27 November 2012

See the new test fail

The Wikipedia article about Test-driven development describes the process of TDD. It says that after adding a new test, you should run all tests and see if the new one fails. This is part of the red-green-refactor cycle. During my remote pairing activities with Thomas I noticed that I tend to forget this step. To fix this I wrote a tiny Eclipse plugin that complains if a test run does not fail after adding a new test.

Alert! New Test Did Not Fail
The plugin attaches itself to the org.eclipse.jdt.junit.testRunListeners extension point and records the names of all tests during JUnit test execution. (See RedGreenListener.java) When the test session is finished, it compares these test statistics against the previous run. In fact the only thing we need to know is if any test cases have been added. (See TestStats.java) Based on the comparison the plugin decides if to show an annoying popup or not. (See TestRunDiff.java)

The current mechanism is simple and likely to be wrong for special cases:
public boolean firstTestOk() {
    return newAdded.size() == 0 || secondFailed;
}
but it works great on katas and small hobby projects.
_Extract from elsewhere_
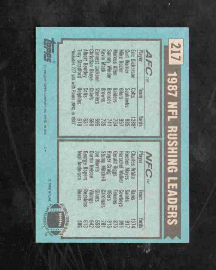 1988 Topps # 217 1987 Rushing Leaders Dickerson/White NM/
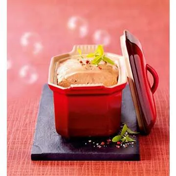 3/4-quart pate terrine and press made of stoneware with a non-porous enamel finish

The org.eclipse.jdt.junit.testRunListeners extension point is available in Eclipse Europa (version 3.3), but it does not work there. The schema testRunListeners.exsd for the extension point seems to be missing from the JDT/JUnit bundles. The situation changes in Helios (3.6) and JUnit starts to notify the declared listeners. As the current release of Eclipse is version 3.8/4.2, I believe that two versions of backwards-compatibility should be enough.

Download the plugin here. Copy it into your plugins folder and restart Eclipse.

23 November 2012

BaDaDam Testing Framework

DIY Cable ReleaseSome time ago I had a look into BDD - no, not Bullshit Driven Development ;-) - but Behaviour-Driven Development. I started with JBehave but it seemed heavyweight to me. Further it had more than ten dependencies to other libraries, some with possibly problematic licences. Still I wanted to know how that kind of framework worked, so instead of learning by taking it apart I decided to build my own.

For some time I struggled to find a nice name for the project and discussed my problem with Michael. I was mumbling as usual and he mistook BDD as BaDaDam. Voila - I present to you BaDaDam, a minimalistic BDD framework for Java. Obviously it follows the spirit of JBehave, is lightweight, self sufficient and depends only on JUnit. It allows you to write stories in plain text, implement them in Java classes and run them using JUnit. The first version is finished since some time and available in my Maven repository here.